§ **WORK REQUEST**
Below are the records to retype. Keep every character exactly and leave out the pictures.

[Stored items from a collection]
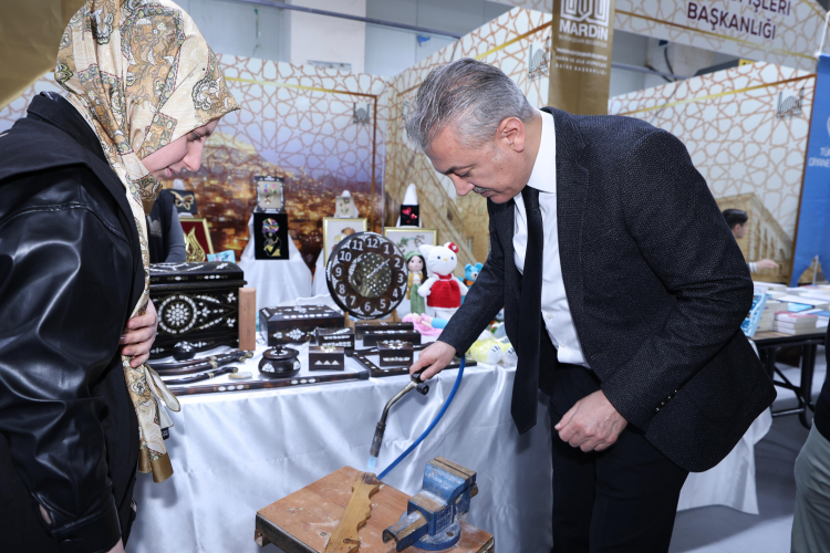MARDİN (İGFA) – Genel Sekreter Fatih Eroğlu’ndan yapılan çalışmalar hakkında bilgi alan Vali Akkoyun, fuar alanında kurulan standları gezerek esnaf ve vatandaşlarla sohbet etti.
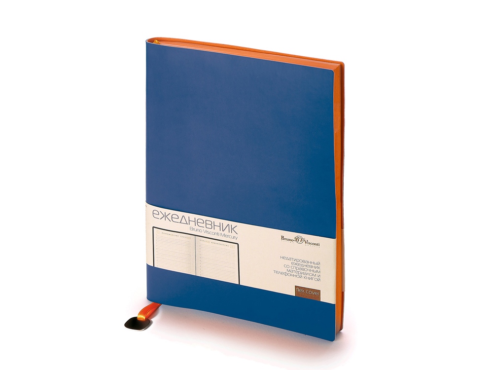 Недатированный ежедневник Mercury от бренда Bruno Visconti - это качественный корпоративный подарок по выгодной цене, произведенный специально под персонализацию. Представлен в современном формате А5. Обложка ежедневника выполнена из современного переплетного материала с двойной закладкой с шильдом. Цветной край блока, а также отделка листов цветными деталями - это переплетение технологических новинок и оригинальных дизайнерских решений.
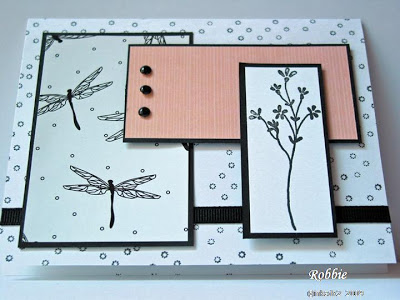 Stamps: Sprig (CC Rubber Stamps), Delight in Life (retired) Paper: Basic Black, white, Spring Flowers PP (retired), Night Light Papers ( Paper Parachute) Ink: Basic Black Accessories: black brads (Pink Hedgehog), ribbon, sticky tape, dimensionals
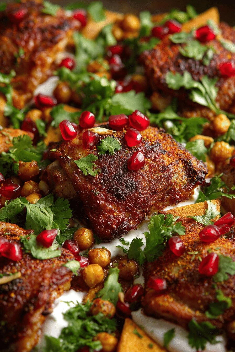- 5 To serve spread crispy pitas over large shallow platter. Heap warm chicken and chickpeas on top. Spoon half the yogurt sauce over hot filling so it pools in pita cracks. Sprinkle chili, pine nuts, cilantro leaves and pomegranate seeds for pops of sweet and herbal fragrance. Serve rest of yogurt alongside with crunchy vegetables like cucumber or radishes for bite and contrast.
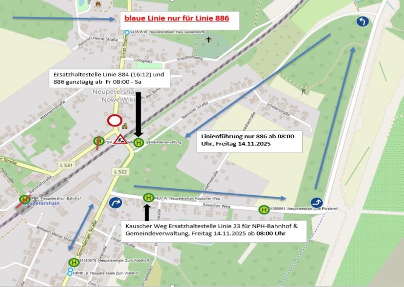Die Linie 886 verkehrt während der gesamten Bauzeit nicht über die Haltestellen „Gemeindeverwaltung“ und „Bahnhof“.  Stattdessen wird ebenfalls die Ersatzhaltestelle „Steinitzer Straße“ angefahren.
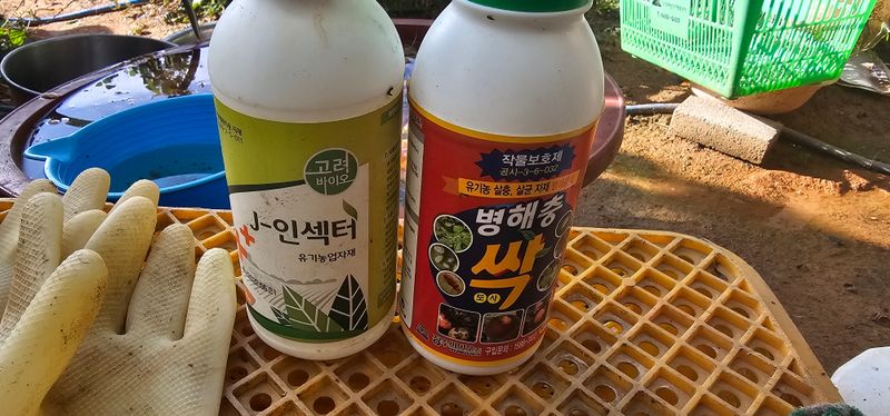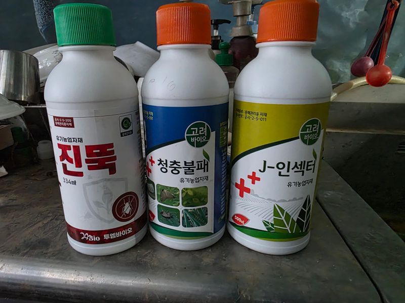 에제 구입한 유기농약제와 비개인틈에 종합살충.살균제 방제 함 탄저가 번지지 않기를 바라며.
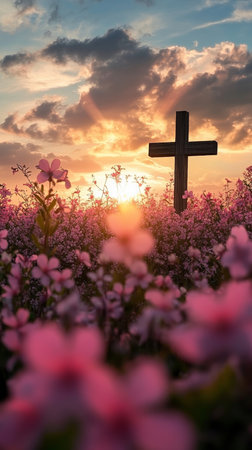 Cross amidst pink flowers at sunset, spiritual serenity concept

§ **FINISHED TASK**
MARDİN (İGFA) – Genel Sekreter Fatih Eroğlu’ndan yapılan çalışmalar hakkında bilgi alan Vali Akkoyun, fuar alanında kurulan standları gezerek esnaf ve vatandaşlarla sohbet etti.
 Недатированный ежедневник Mercury от бренда Bruno Visconti - это качественный корпоративный подарок по выгодной цене, произведенный специально под персонализацию. Представлен в современном формате А5. Обложка ежедневника выполнена из современного переплетного материала с двойной закладкой с шильдом. Цветной край блока, а также отделка листов цветными деталями - это переплетение технологических новинок и оригинальных дизайнерских решений.
 Stamps: Sprig (CC Rubber Stamps), Delight in Life (retired) Paper: Basic Black, white, Spring Flowers PP (retired), Night Light Papers ( Paper Parachute) Ink: Basic Black Accessories: black brads (Pink Hedgehog), ribbon, sticky tape, dimensionals
- 5 To serve spread crispy pitas over large shallow platter. Heap warm chicken and chickpeas on top. Spoon half the yogurt sauce over hot filling so it pools in pita cracks. Sprinkle chili, pine nuts, cilantro leaves and pomegranate seeds for pops of sweet and herbal fragrance. Serve rest of yogurt alongside with crunchy vegetables like cucumber or radishes for bite and contrast.
Die Linie 886 verkehrt während der gesamten Bauzeit nicht über die Haltestellen „Gemeindeverwaltung“ und „Bahnhof“.  Stattdessen wird ebenfalls die Ersatzhaltestelle „Steinitzer Straße“ angefahren.
 에제 구입한 유기농약제와 비개인틈에 종합살충.살균제 방제 함 탄저가 번지지 않기를 바라며.
 Cross amidst pink flowers at sunset, spiritual serenity concept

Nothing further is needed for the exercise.